#### WHAT THE TASK REQUIRES
Among the entries below, copy only the span from the line containing "DateJust 31mm 278274" through the line containing "Делаем пол. Для". Do so exactly, and skip the pictures.

#### RECORD SET
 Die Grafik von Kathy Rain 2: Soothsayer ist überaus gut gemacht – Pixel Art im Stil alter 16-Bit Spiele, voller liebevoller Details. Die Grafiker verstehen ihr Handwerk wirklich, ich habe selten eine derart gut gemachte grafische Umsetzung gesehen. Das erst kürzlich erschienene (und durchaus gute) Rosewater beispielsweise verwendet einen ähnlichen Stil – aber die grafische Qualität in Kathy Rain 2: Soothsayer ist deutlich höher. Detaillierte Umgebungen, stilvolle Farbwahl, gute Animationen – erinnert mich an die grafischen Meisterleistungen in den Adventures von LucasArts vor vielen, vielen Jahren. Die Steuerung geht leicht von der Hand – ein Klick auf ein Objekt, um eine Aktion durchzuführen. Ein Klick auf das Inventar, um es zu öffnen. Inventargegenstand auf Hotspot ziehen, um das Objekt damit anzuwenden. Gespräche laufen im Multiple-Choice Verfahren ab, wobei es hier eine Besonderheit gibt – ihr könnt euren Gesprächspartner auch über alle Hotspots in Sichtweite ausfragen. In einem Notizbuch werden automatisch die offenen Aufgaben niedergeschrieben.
--
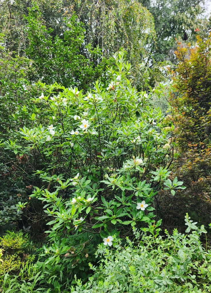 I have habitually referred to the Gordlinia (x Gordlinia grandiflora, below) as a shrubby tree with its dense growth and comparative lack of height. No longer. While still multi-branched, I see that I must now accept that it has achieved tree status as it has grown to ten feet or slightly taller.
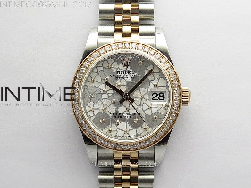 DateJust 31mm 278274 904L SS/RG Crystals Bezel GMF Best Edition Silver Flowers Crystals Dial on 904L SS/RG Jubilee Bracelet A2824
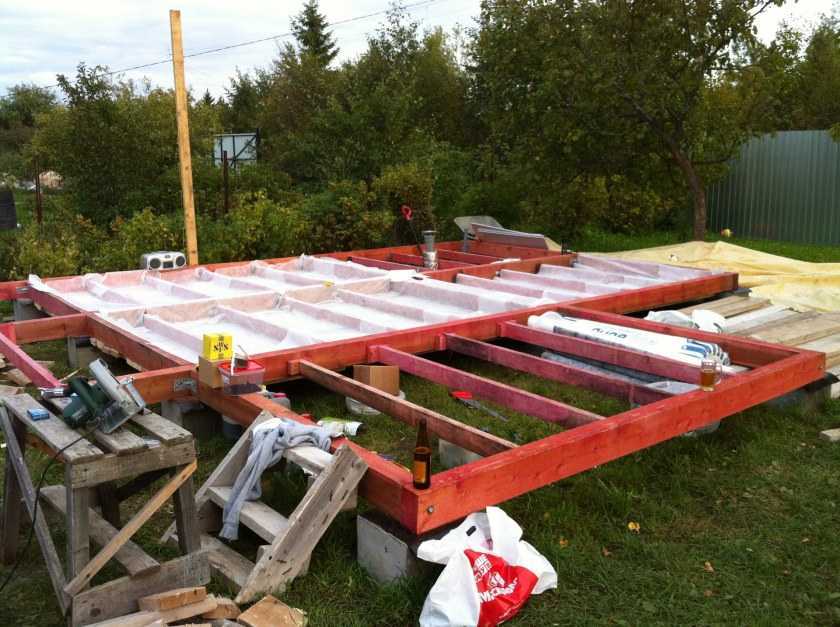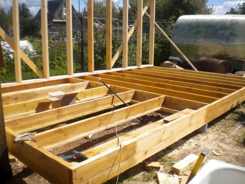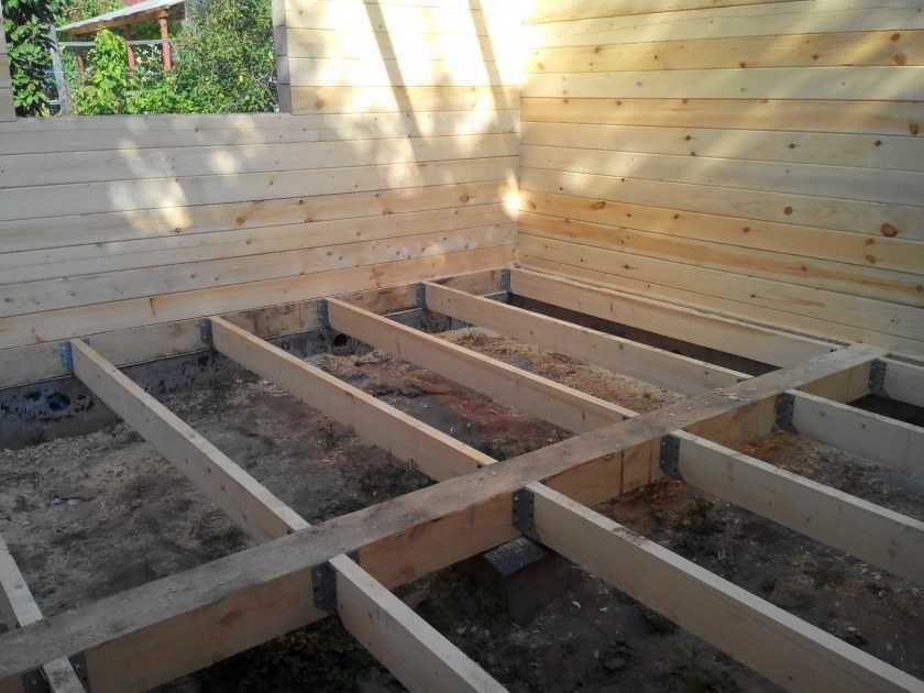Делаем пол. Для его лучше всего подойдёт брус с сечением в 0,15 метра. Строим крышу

#### OUTPUT OF THE TASK
 DateJust 31mm 278274 904L SS/RG Crystals Bezel GMF Best Edition Silver Flowers Crystals Dial on 904L SS/RG Jubilee Bracelet A2824
Делаем пол. Для его лучше всего подойдёт брус с сечением в 0,15 метра. Строим крышу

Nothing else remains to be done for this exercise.